═══ Material shown

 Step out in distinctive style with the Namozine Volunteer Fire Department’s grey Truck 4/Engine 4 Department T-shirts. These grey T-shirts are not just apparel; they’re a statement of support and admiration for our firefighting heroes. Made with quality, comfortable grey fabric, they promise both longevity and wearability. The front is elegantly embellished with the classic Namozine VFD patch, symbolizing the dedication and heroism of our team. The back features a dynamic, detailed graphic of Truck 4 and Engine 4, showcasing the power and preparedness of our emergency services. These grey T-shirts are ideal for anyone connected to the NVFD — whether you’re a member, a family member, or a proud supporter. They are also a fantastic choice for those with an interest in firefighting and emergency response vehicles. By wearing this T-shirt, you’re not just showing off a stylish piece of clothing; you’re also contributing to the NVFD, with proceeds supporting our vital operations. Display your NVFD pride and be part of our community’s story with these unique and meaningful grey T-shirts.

══════
═══ Material shown

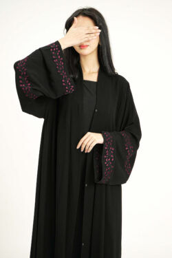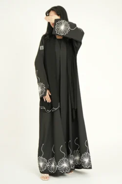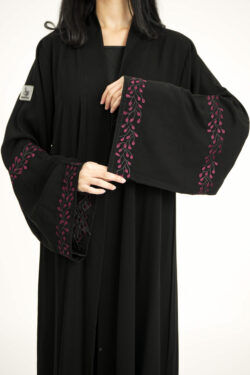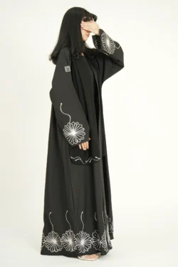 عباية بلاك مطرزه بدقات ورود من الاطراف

══════
═══ Material shown

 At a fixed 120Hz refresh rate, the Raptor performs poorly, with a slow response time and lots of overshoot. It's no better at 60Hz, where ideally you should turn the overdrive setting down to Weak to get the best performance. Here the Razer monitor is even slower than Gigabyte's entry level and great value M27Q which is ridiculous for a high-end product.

══════

Prompt:
Note how many lines of the material contain the string "with". Then report that number by itself.

Response to the exercise:
2